The perinatal shift in fetal-to-adult contractile protein gene isoforms likely impacts cardiac contractile properties. For example, the α-MHC and β-MHC proteins differ in their ATPase activities and actomyosin interaction kinetics; the ATPase activity and the velocity of actin displacement of the β-MHC protein are several-fold lower than those of the α-MHC protein. The ratio of α-MHC / β-MHC levels in the CM also correlates with contractile rate in vitro in hiPSC-CMs and in vivo across species [124, 125]. The resting heart rate in adult mouse hearts (500~700 bpm) with dominant α-MHC levels is markedly higher than that of human hearts (50~70 bpm) which have a greater proportion of β-MHC. The MLC2a to MLC2v switch during perinatal development matches increases in ventricular contractile force [126]. Compared to TNNI1, TNNI3 has an amino-terminal extension that harbors phosphorylation sites for PKA phosphorylation and other kinases [127]. PKA-mediated phosphorylation of the specific serine residues on TNNI3, downstream of β-adrenergic signaling, leads to enhanced relaxation (diastolic function) of cardiac muscle due to attenuation of the troponin C and troponin I interaction [127]. Postnatal titin isoform shift results in a change in cardiac muscle stiffness as evidenced by decreased passive tension and stiffness in failing hearts with increased N2BA (fetal): adult N2B (adult) ratio [106].

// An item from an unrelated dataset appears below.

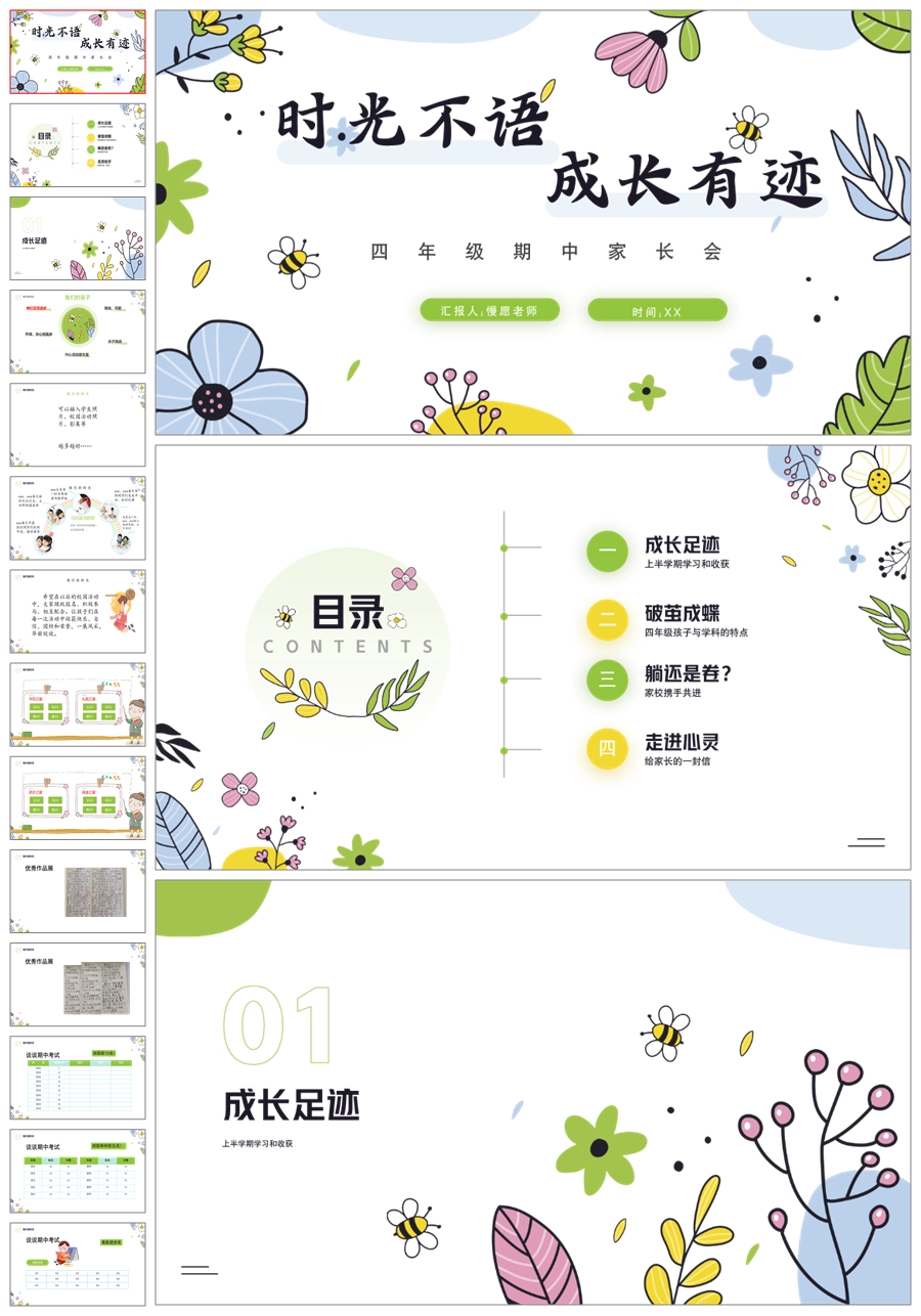 【5343】【四年级】【时光不语 成长有迹】四年级期中家长会PPT课件+发言稿

In parallel with contractile maturation, the CM undergoes electrophysiological maturation during postnatal cardiac development. This maturation process is characterized by precise perinatal induction in the expression profiles of various ion channels and Ca²⁺ handling proteins, including the well-studied ryanodine receptor 2 (RYR2) and ATPase sarcoplasmic/endoplasmic reticulum Ca²⁺ transporting 2 or SERCA2 coded in ATP2A2 [56]. The postnatal expression of these genes occurs coincident with that of other ion transporters such as KCNJ2 and KCNJ12, the latter preserving inward rectifying current and maintaining a negative resting membrane potential, typically around −85 to −90 mV in the adult CM [128, 129]. In contrast, immature CMs, such as hiPSC-CMs, exhibit automaticity due to an immature pattern of ion channel expression levels [130]. Recent research has identified elevated and sustained expression levels of HCN4, CACNA1H, and SLC8A1, coupled with the absence of KCNJ2 expression, as key contributors to automaticity in immature hiPSC-CMs [130]. The expression of HCN4, encoding hyperpolarization-activated cyclic nucleotide-gated potassium channel, is dramatically downregulated in cardiac ventricles during development and its expression is induced in the hypertrophied heart [131–133]. A hallmark of cardiac maturation is the formation of transverse tubules (T-tubules), specialized invaginations of the cell membrane primarily found in striated muscle cells [4, 134]. The specialized membranous structures of the T-tubules are located transversely into the central regions of CMs, housing a substantial complement of ion channels and regulatory proteins integral to the orchestration of excitation-contraction coupling processes. These distinctive membrane features facilitate the rapid propagation of electrical signals, ultimately culminating in the prompt release of Ca²⁺ from the sarcoplasmic reticulum [134]. Stem cell-derived CMs typically do not form T-tubules under conventional two-dimensional culture conditions [135, 136]. However, several experimental manipulations such as engineered heart tissue (EHT) with concomitant electrical stimulation, a combined regimen of T3 and dexamethasone (Dex) treatment, or the treatment with the ERRγ modulator T112 has been shown to induce T-tubule development in hiPSC-CMs [94, 137, 138].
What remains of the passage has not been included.